Although the EAT’s decision clearly appears to follow the spirit and intent of the legislation, a couple of questions are left. As part of its appeal, BP argued that the EAT’s interpretation of the whistleblowing legislation could not be what Parliament had originally intended. It also argued that there appeared to be an omission in the protection afforded by the legislation if an employer rejected a job applicant because he had made a disclosure against a previous employer, the job applicant would have no remedy because a claim that a worker has suffered a detriment under the whistleblowing legislation can only be brought once the employment relationship has begun. However, if he was taken on and then dismissed immediately for exactly the same reason he would, based on Elstone, have full protection.

The EAT actually agreed with BP that the whistleblowing legislation does not protect a prospective worker or job applicant and that this might be an omission in the whistleblowing legislation, but on the facts of BP v Elstone, this issue was irrelevant.

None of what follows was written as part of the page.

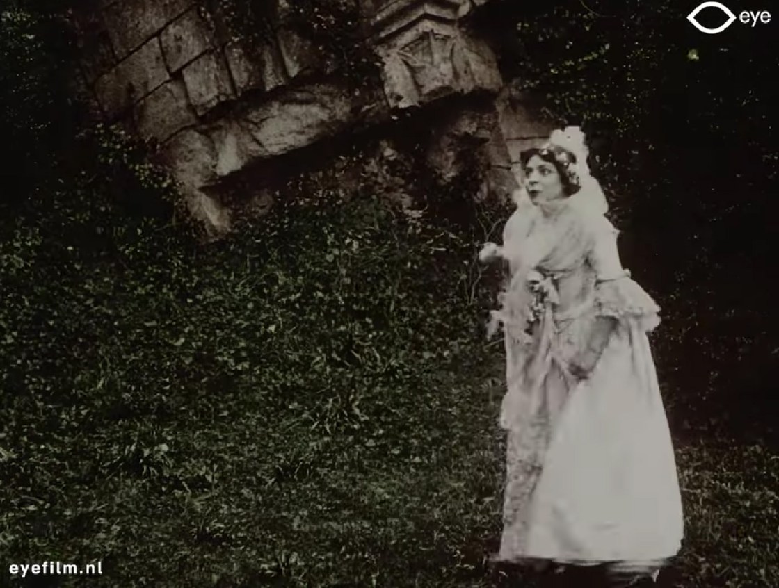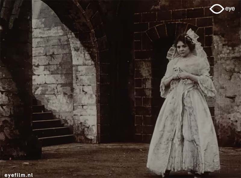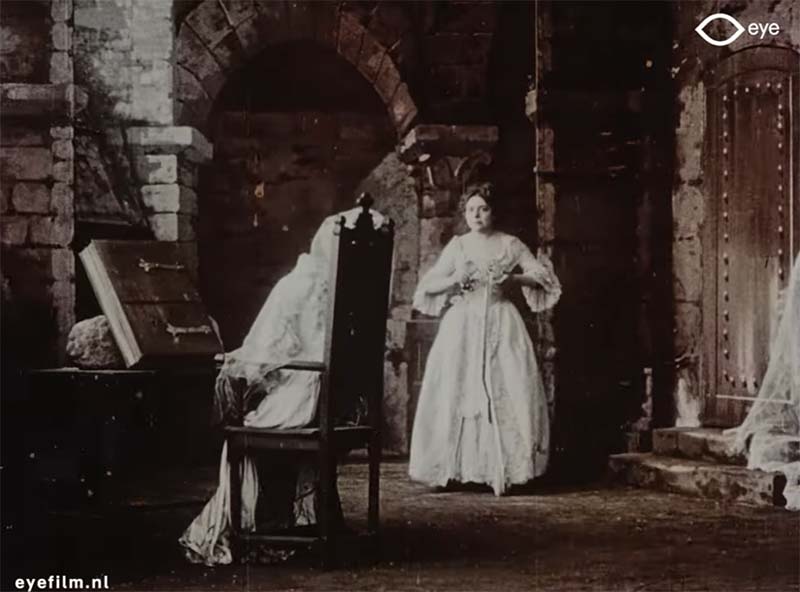 Capellini’s earlier productions featured the painted sets that were standard in French films of the era but his had a bit more depth and realism than the stage-inspired scenery of Méliès. It’s not surprising that, given a proper ruined castle to play with, Capellini would go to town, and include mood-building sequences of the heroine wandering through the ruins with her bridal veil lending an uncanny flavor to her appearance. Her glee begins to give way to terror as she enters the death chamber, a set but a pretty realistic one.

Therefore, as the law stands at present, a job application rejected solely on the basis that the applicant blew the whistle on a former employer would give him no remedy against the prospective new employer. This contrasts with the position under other types of discrimination legislation. As soon as the candidate is employed, however, he is protected from day one by the whistleblowing legislation. If the new employer is on notice (because the employee or former employer discloses the fact) that the employee blew the whistle on the previous employer, it runs the risk that the employee can allege that any detriment he suffers in the workplace is because of the earlier whistleblowing. The creation and maintenance of records showing the actual reason for any less favourable treatment will be key in overturning any such suggestion.